The verdict is in – and verdict is definitely singular in this case – former Illinois Gov. Rod Blagojevich is guilty.

As I predicted last weekend, the Blagojevich jury was ready to end deliberations soon, and on Tuesday we learned they could agree on only one charge, that Blagojevich made false statements to an FBI agent. Unanimous decisions couldn’t be reached regarding the other 23 charges against Blagojevich, although the jury was ready to convict him of trying to sell President Obama’s former U.S. Senate seat until one juror had a change of heart Monday.

That’s not quite the acquittal Blagojevich wants us to believe it is. A hung jury means a mistrial on 23 of 24 counts, and there already is a hearing set for Thursday, Aug. 26, when a retrial will be set in motion. (Double jeopardy only applies if a verdict has been reached regarding a particular charge.) Eventually – and probably sooner than later – it will be Showtime at the Dirksen again.

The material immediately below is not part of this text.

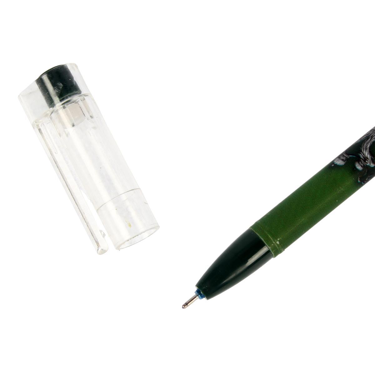 Корпус ручки украшен стильными принтами военной тематики, которые особенно понравятся мальчикам. Прозрачный колпачок защищает пишущий узел и крепится к одежде благодаря удобной клипсе.

Of course, we taxpayers will foot the bill for the retrial, which isn’t too appealing to our collective pocketbook. What is appealing, however, is justice being served. There should be resolution to whether Blagojevich is guilty of the major offenses he is accused of committing, particularly the attempted sale of a U.S. Senate seat. And if Blagojevich’s life is tied up for another year, I won’t feel too sorry for him, considering the deep fiscal hole he helped dig our state in during his five years as governor.

Hopefully the next jury will put some more time into deliberating. Not that the first jury didn’t do any hard work, but I got the impression that all the jurors’ hearts weren’t completely into it. Yes, they put in a lot of time, put their lives on hold during the workweek as the attorneys argued their cases, but when the time came to deliberate, they asked for Fridays off and seemed to throw in the towel relatively early, especially considering they told Judge Zagel they hadn’t even discussed the 11 counts of wire fraud as of last Thursday. They didn’t deliberate on Friday, so they considered the wire fraud charges only on Monday? If they were confused, they should have asked more questions for clarification’s sake.

Regardless, we’re in for a second round of Blagojevich in court beginning next week. And don’t forget, he plans to appeal his conviction, so he’ll also be making more court appearances regarding that matter.

It will be interesting to see how both sides adjust their approaches to the case during the retrial, and whether Blagojevich will even have the same defense attorneys. Until then, those of us who enjoy following political pageantry and its fallout still have the analysis of the first trial to get us through the night.